# Viper Mk II



## wander1107 (Aug 12, 2006)

I've been coming here for many years, commenting on other people's fantastic looking models. I've finally had the courage to share one of my models here in the forums. I completed this one about a year ago and just recently finished weathering it. I hadn't weathered a model in quite a while since the last time I did I wound up screwing it up and I've been gun shy about it ever since.

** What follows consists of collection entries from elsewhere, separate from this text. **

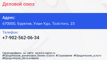 Деловой союз по адресу 670000, Бурятия, Улан-Удэ, Толстого, 23 в дальнейшем Организация, размещена в следующих категориях:
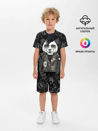 Детская пижама с шортами / Панда в косухе
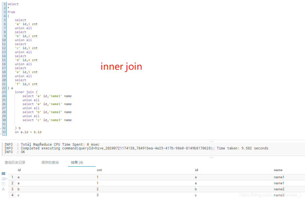 结果分析:通过group by去重得出预期结果,但其中会生成2个job,执行时间也相对增加了。
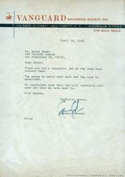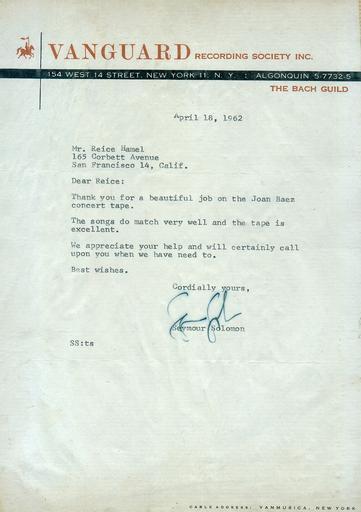 Keywords: ReiceHamelRecording (16).jpg en Thank you Letter from Vanguard RE Joan Baez Concert Reice Hamel own Reice Hamel Jr 1962 1962 letters Reice Hamel Reice Hamel Recording USA Vanguard Recording Society Inc Seymour Solomon 1962 concerts Joan Baez
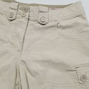 BC Clothing Original Women's Shorts Sz 6 Khaki color, front zipper and Button fly. Belt loops, front and side pockets in good condition
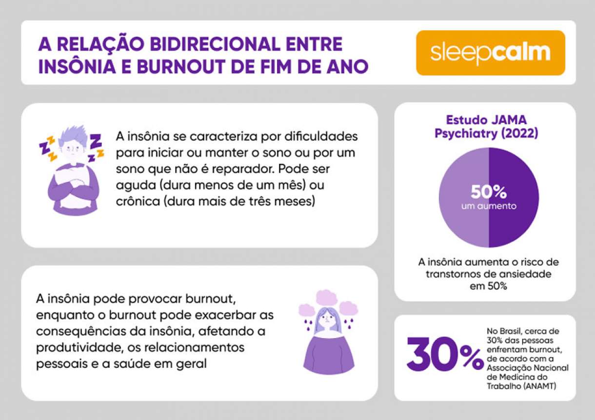 “Encerrar um ano é também fechar um ciclo e isso pode trazer um acúmulo de cansaço, frustrações e obrigações. Por conta disso, os riscos de burnout crescem, muitas vezes levando à insônia, pois pessoas em estado de exaustão tendem a ficar em constante alerta, o que dificulta o seu relaxamento. Por outro lado, isso pode intensificar o estresse, afetando o bem-estar emocional e o desempenho profissional”, explica Matias Burstien, CEO e fundador da SleepCalm.
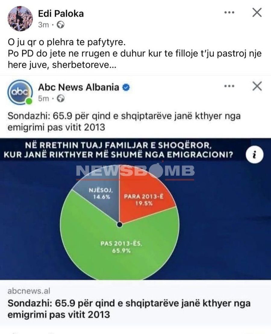 Publikimi i sondazhit të “ABC News” që tregon se 69.5% e shqiptarëve janë rikthyer në Shqipëri pas 2013, i ka sosur durimin demokratit Edi Paloka.
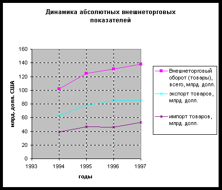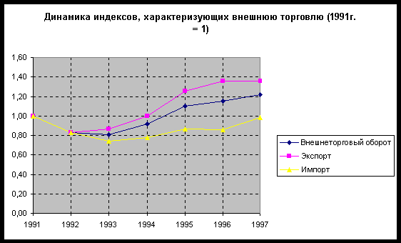 Как видно из рисунков 9 – 11 за годы экономических реформ внешняя торговля стала одной из немногих сфер экономики, вышедшей после падения, пережитого в 1991 - 1992 (частично в 1993) годах, на путь достаточно динамичного развития: так начиная с 1993 года основные показатели (внешнеторговый оборот, экспорт и импорт) демонстрируют устойчивый рост. Произошедшее снижение этих показателей в 1997 году и первой половине 1998 года объясняются неблагоприятной конъюнктурой на мировых рынках.
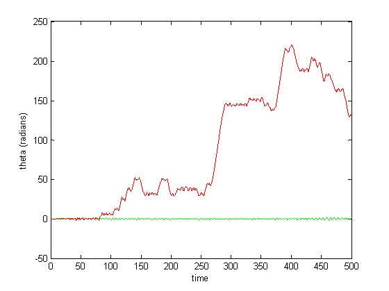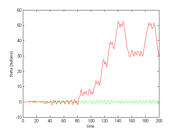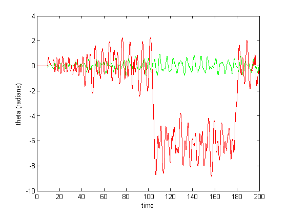 Figure 6-8 show incredibly huge (not to mention physically impossible) position values for the two rods of the double pendulum. I quickly found that this could be remedied by decreasing the gain (Iwasaki and Zheng witnessed entrainment for gain~1). However, the decreased gain resulted in still other problems—radical shift patterns like that of Figure10 were observed at low gain values.
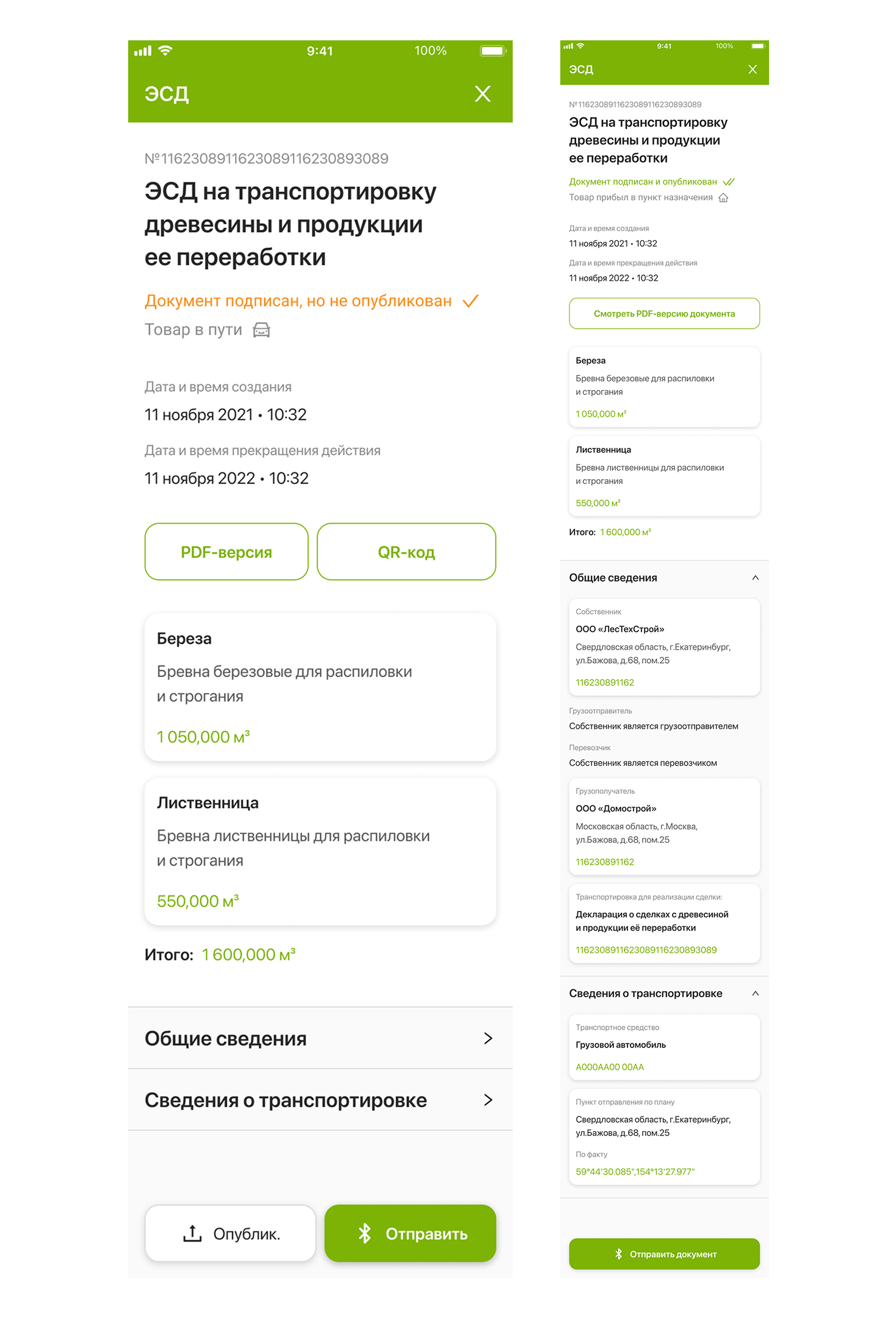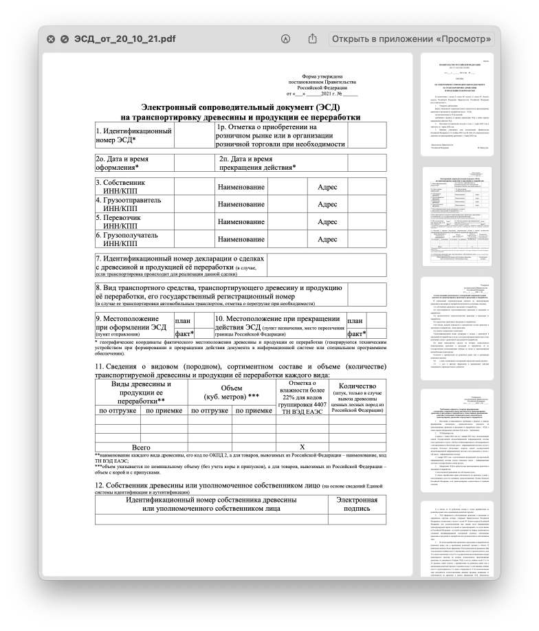 Электронный сопроводительный документ на транспортировку древесины

This model was also a custom build for a specific buyer. He wanted his own call sign and ship numbers.

Thanks for looking.

http://www.flickr.com/photos/wander1107/sets/72157629492067450/


----------



## walsing (Aug 22, 2010)

Very nicely done. The weathering seems to have worked out very well.


----------



## cylon75 (Feb 22, 2011)

looks great nice job


----------



## scooke123 (Apr 11, 2008)

great work - really like the weathering. Just the right amount!
Steve


----------



## Lou Dalmaso (Jul 13, 2004)

agreed! great job! the tags add just the right touch:thumbsup:


----------



## wander1107 (Aug 12, 2006)

Thanks everyone, I really appreciate it.


----------



## BOXIE (Apr 5, 2011)

nice work.Looks like it has seen a lot of action


----------



## seaQuest (Jan 12, 2003)

It IS a great job!
Just my personal preference...I like a Viper that's absolutely filthy.


----------



## Zombie_61 (Apr 21, 2004)

I can only echo what has already been posted. The weathering is reasonably subtle, but effective and realistic, and the tags on the guns is a nice "real world" touch. Nicely done!


----------



## Jafo (Apr 22, 2005)

looks great


----------



## wander1107 (Aug 12, 2006)

Thanks guys. The feedback is really helpful. 

I wanted to weather the Viper enough to show that it's been used but not abused like they were at the end of the series.


----------



## Darkhunter (Dec 17, 2003)

Great work!


----------